Fay, the artist and dancer who shocks Charlie out of his sexual dissociation, is shown to actively resist many societal standards and pressures. Through her Charlie (and the reader) experiences a different type of societal critique: not one out of either naivete or superiority, but frivolity. However, she ultimately struggles to find comfort or build healthy relationships, with men mistaking her bohemian, easy-going attitude for implicit sexual consent.

Professor Nemur is a smart man who yearns to be a genius, to the point of constantly being intellectually intimidated in the presence of other scientists. It’s not enough to him (or his wife) that he be a smart man; he must be the smartest—no, he must be known as the smartest.

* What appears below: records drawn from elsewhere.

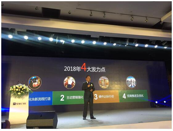 皇派营销中心总经理阳总向各位合作伙伴汇报了2017年皇派取得的成绩,分享了2018年的战略规划;以及解读2018年的销售政策;回顾2017年皇派营销大事迹,携手网易发起“拒绝噪音,请给她35分贝的爱”皇派门窗&网易4.16世界噪音日大型公益行动;发布《中国城市居住噪音指数白皮书》;成为中国系统门窗标准制定单位等活动,把皇派2017年发展推向新高度;并且宣布了2018年皇派市场政策,确保了皇派门窗品牌未来能够提速前行。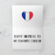 Beautiful design includes happy balloons and ticker tapes with the words "Happy Birthday", all in the colors of the France flag. Design is finished with the heart in the France flag colors and the Birthday message which is completely customizable. This colorful birthday card is the perfect present for your friend from France.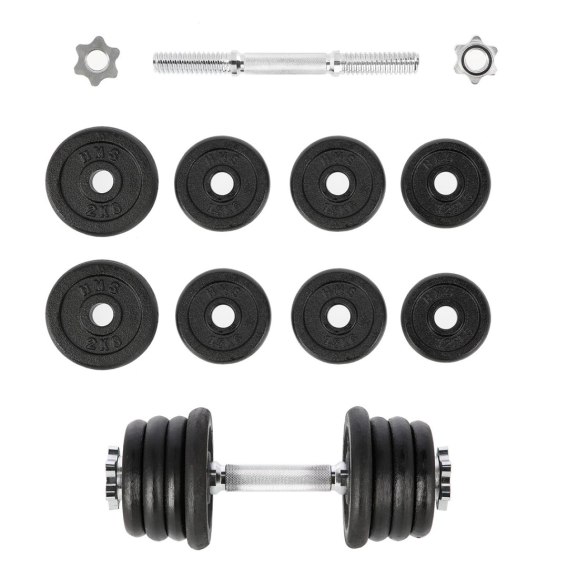SG04 HMS - hantla żeliwna, czyli klasyka, a zarazem niezbędnik każdej domowej siłowni. W skład zestawu wchodzą: gryf prosty 2 kg, 2 talerze 1,25 kg, 4 talerze 1,5 kg, 2 talerze 2 kg oraz 2 zaciski gwiazdowe 0,25 kg. Pierwszy z elementów został wykonany ze stali niklowanej. Z kolei talerze są żeliwne. Gryf posiada ryflowany uchwyt, dzięki czemu nie wyślizguję się w trakcie ćwiczeń. Gwintowane sztangielki w połączeniu z zaciskami gwarantują równomierny docisk ciężarów. Produkt jest odpowiedni zarówno dla zaawansowanych jak i początkujących użytkowników. Już dziś zacznij dbać o swoją kondycję, z profesjonalną sztangielką o obciążeniu 15 kg. To idealna propozycja zarówno do domu jak i do siłowni.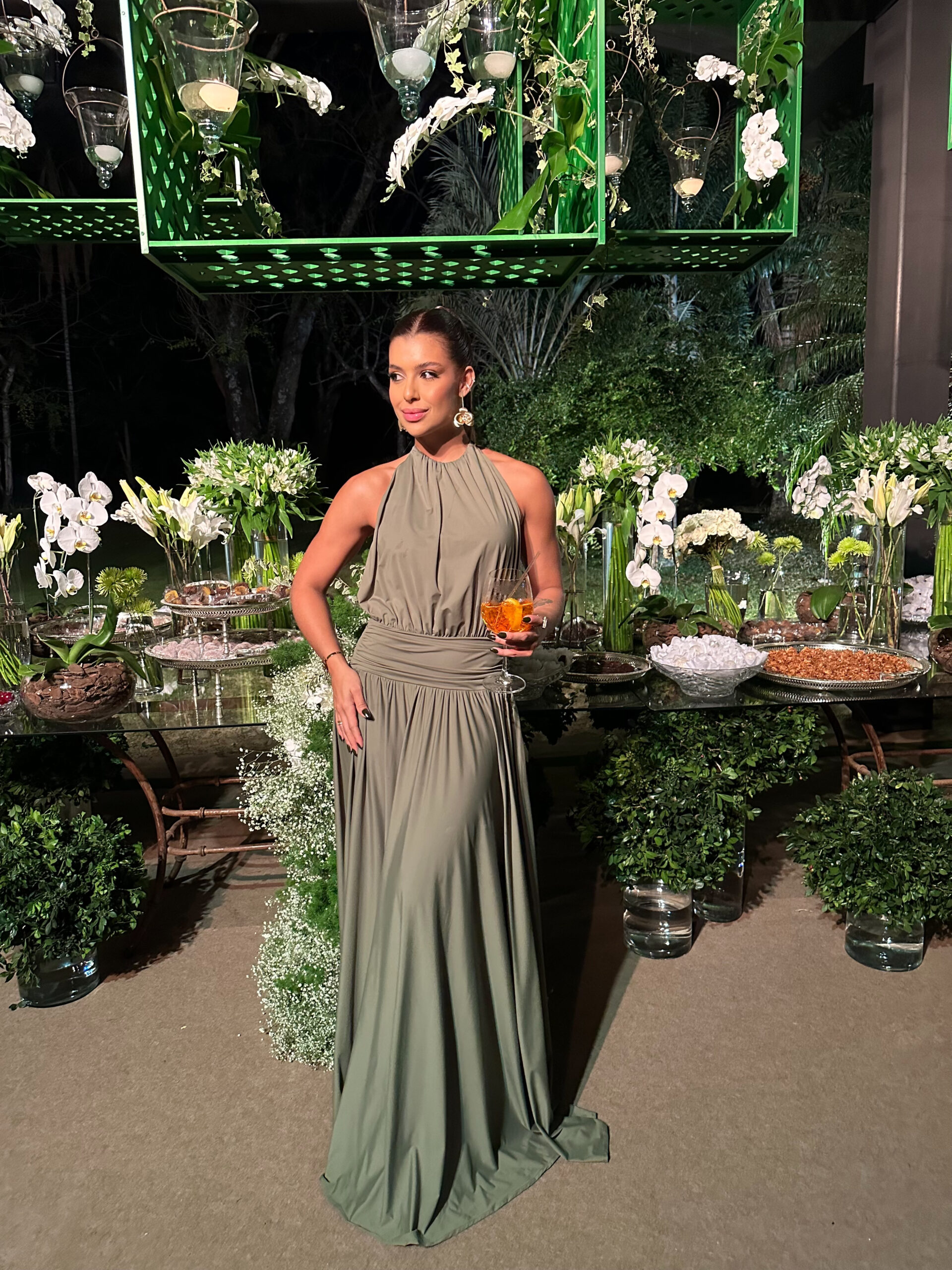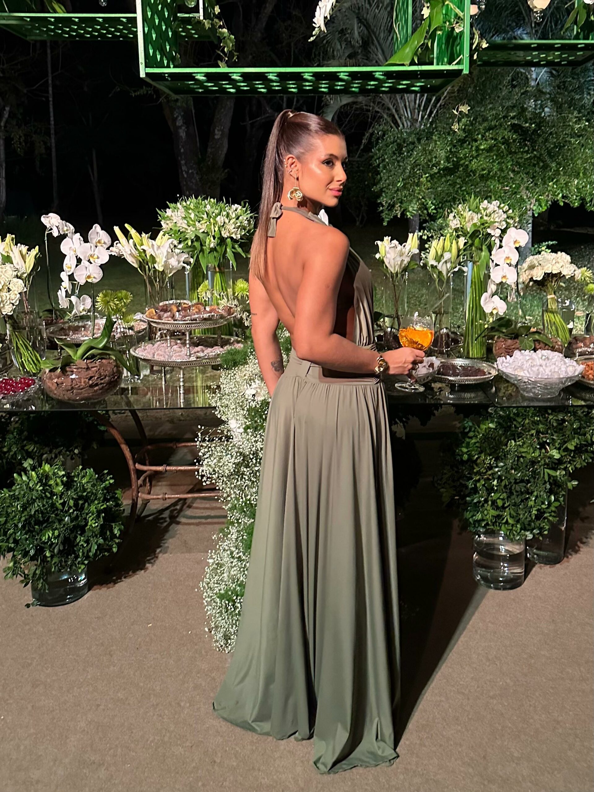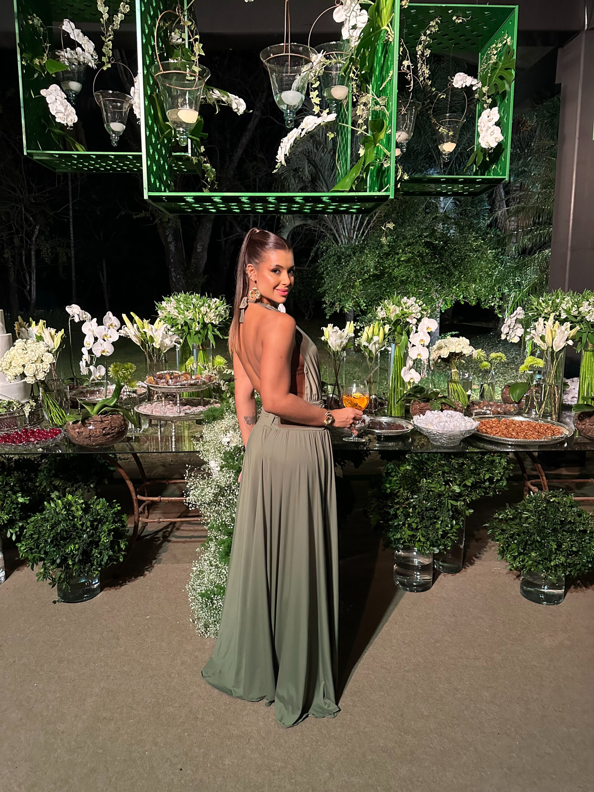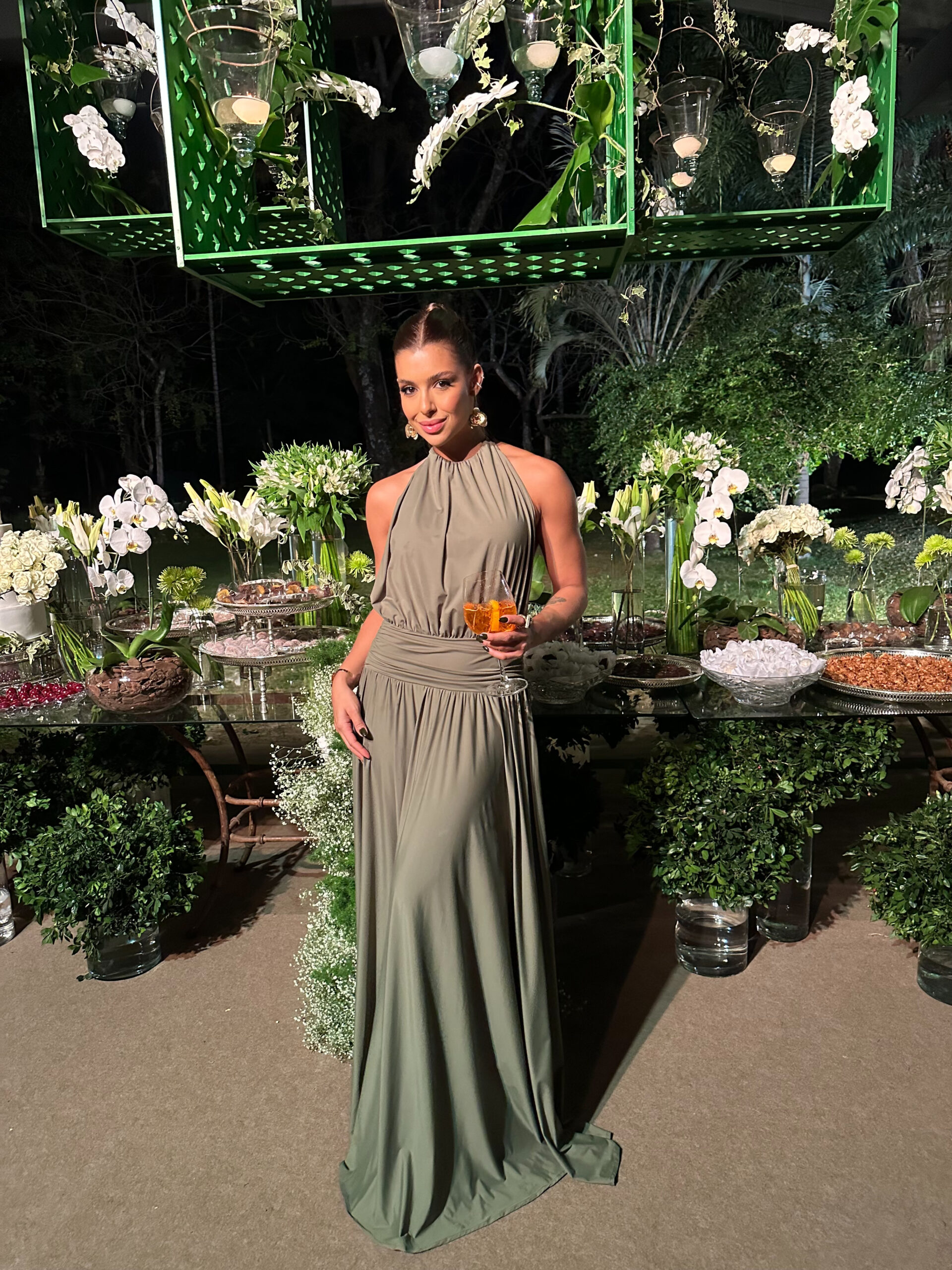 O vestido Áurea é feito de uma malha premium shine exclusiva, caimento fluido, super macio e bastante elasticidade. Essa elasticidade, faz com que o vestido modelo o corpo perfeitamente, além da modelagem que é impecável.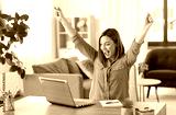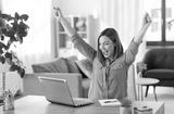 remote job, technology and people concept - happy smiling young woman with laptop computer working at home office and celebrating success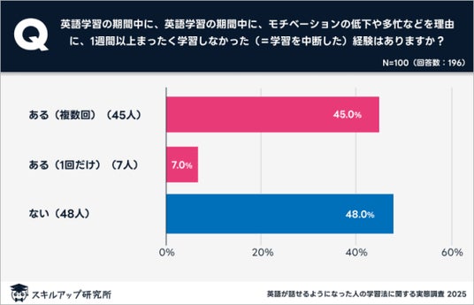 意外なことに、学習成功者のうち52%が「1週間以上学習を中断した(=挫折した)経験がある」と回答した。スランプは特別なことではなく、誰もが通る道であると言える。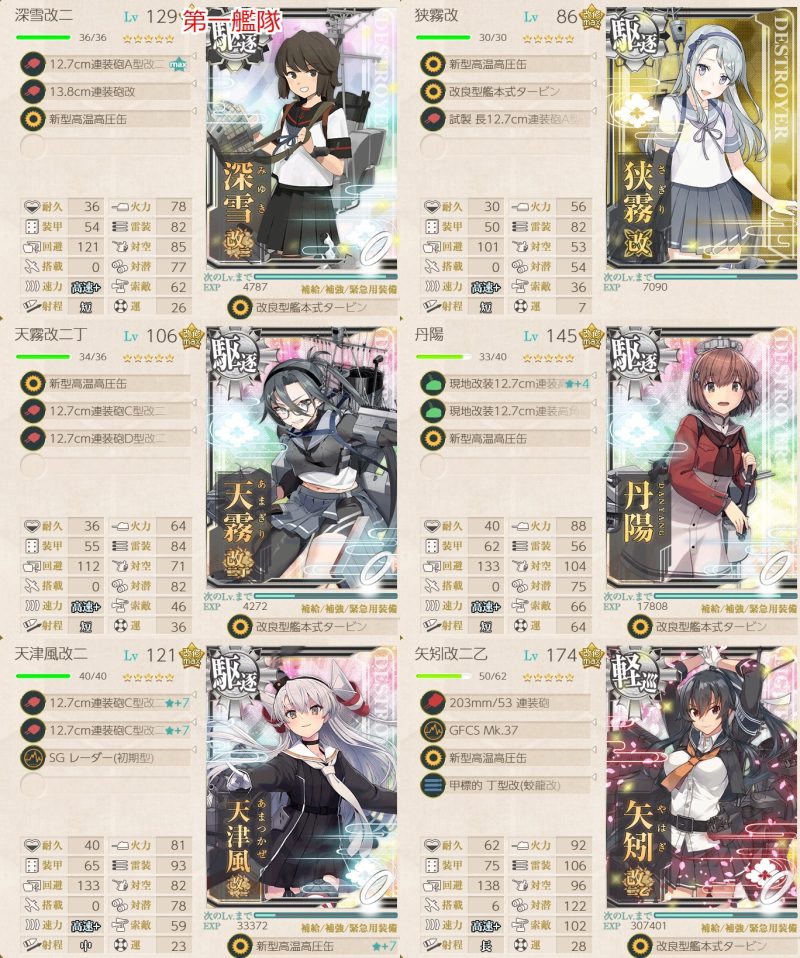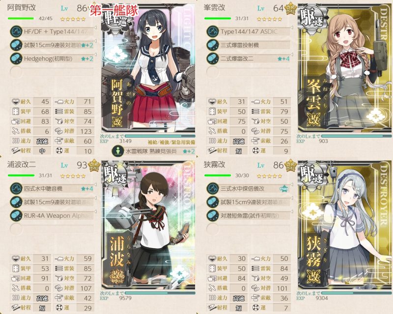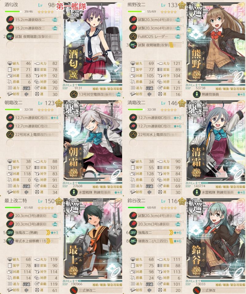 旗艦及び2隻を「阿賀野」「酒匂」「瑞穂」「如月」「深雪」「浦波」「天龍」「狭霧」「峰雲」「清霜」「朝霜」何れかとし、3隻自由な編成で1-5、3-2、5-3、6-2ボスで2回ずつS勝利を取得する。

Charlie’s mother is so obsessed with the unattainable perception of perfection that, as Charlie says, nothing was more important to her than what other people thought of her. It drives her to the horrific actions shown in the flashbacks, and culminates with her in old age, polishing the already-clean floors of her house in a bout of psychosis, concerned with nonexistent house guests’ disappointment with nonexistent dirt.

Keyes uses Charlie’s eyes to show us, across the scale of innocent undiluted empathy to hypercritical neurotic genius, exactly how much of our society’s construction is flawed. How heavily it weighs upon each person within it, and how much of it is enforced by the implicit assumption that this is how things should be done.

None of this commentary feels forced or preachy, nor does it feel dated — which for an almost 60-year-old novel about mental illness, is a striking achievement. Each of the criticisms is made by Charlie, aimed at the people treating him as subhuman, and so rather than preaching, the book forces us to sit in his own suffering and discomfort until we feel complicit for the system that has tormented him his entire life.

Final thoughts

The other characters feel deeply real, grounded with a naturalism that can be hard to find in science fiction. Each character exists as a distinct person independent of the story, rather than just for Charlie’s benefit, and many have underlying motivations that remain unexpressed, represented only through their actions—just like people in the real world.

Ultimately, Keyes uses his self-imposed constraints to his advantage, allowing what commentary and allegories naturally exist within his premise to come to the forefront without any poking or prodding.